Sometimes even a serious theatergoer just wants to have fun. At least that's what I was hoping to do when I headed off to see the MCC Theater production of The Legend of Georgia McBride. And that's exactly what I—and, judging by the volume of the laughter—everyone else at the Lucille Lortel Theatre had the night I saw this big-hearted show about a straight guy who finds happiness when he becomes a drag queen.

It's also pretty obvious that playwright Matthew Lopez, the author of The Whipping Man, a dour Civil War drama; and a writer for the overly earnest HBO series "The Newsroom," had a helluva good time when he wrote Georgia McBride.

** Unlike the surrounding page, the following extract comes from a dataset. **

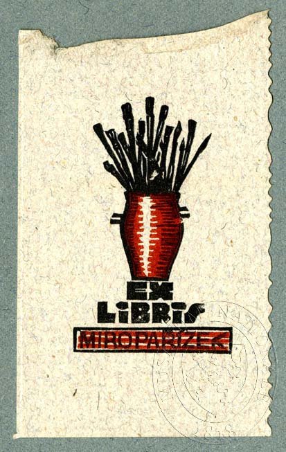 Exlibris. Džbán se štětci. EX LIBRIS MIRO PAŘÍZEK. Ipse sibi.
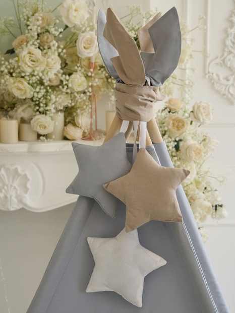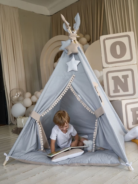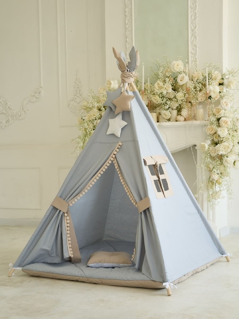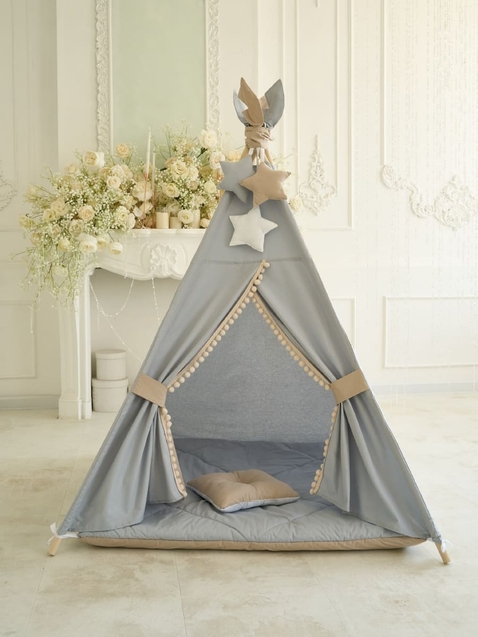 • Палитра: воздушная (светло-серый, бежевый) • Настроение: умиротворение и нежные грёзы • Материал: натуральный хлопок • Каркас: лёгкое и прочное дерево • Ткань: натуральный дышащий хлопок, нежный на ощупь • Для кого: для маленьких мечтателей, ценящих уют и спокойные игры • Большой размер: [115 см х115 см х160 см] – подойдет для игры нескольких деток одновременно

The show opens as Casey, an Elvis impersonator, is performing his act at a dinky bar on the Florida Panhandle. Casey's got the king's lip snarl and hip swivel down pat but what he doesn't have is a paying audience and so his boss brings in another act, a pair of drag queens named Tracy and Rexy (short for Anorexia Nervosa) and demotes Casey to bartender and general gofer.

The bad news keeps coming. At home, Casey's wife Jo, with whom he's madly in love, tells him that the rent check bounced and that her pregnancy test is positive. So Casey, in desperate need of keeping his job, has little choice when an intoxicated Rexy can't perform one night and he's drafted to replace her.

He's wobbly at first but quickly finds that the high-heel shoes fit. Under Tracy's nurturing tutelage, Casey takes on the drag personae of Georgia McBride and their show begin to pack the bar. Soon Casey's loving the attention he's finally getting and the money he's now earning. The only problem is that he doesn't want Jo to know how he's earning their living or how much he's enjoying what he's doing.

Sprinkled throughout this narrative are full-on numbers from the drag show; what seems to be a "Priscilla, Queen of the Desert" homage is deliciously over-the-top. Lopez also supplies a steady stream of belly-laugh-inducing one-liners. And, under the snappy direction of Mike Donahue, all the performances are delightful.

Dave Thomas Brown is particularly appealing as Casey and he and Afton Williamson's Jo make an adorable, and believable, couple. Plus he's a great-looking drag queen.

But it's Matt McGrath who steals the show as the sagacious Tracy, a drag show vet who has learned over the years that you have to grab your joy where and when you can and to temper the joyless times with a wry quip (click here to read a profile of the actor).

You could easily come out of this show, which ends it run Oct. 11, with some thoughts about the changing definitions of manhood in 21st century America whirling around your head. But you're even more likely to walk away, as I did, with a big grin on your face.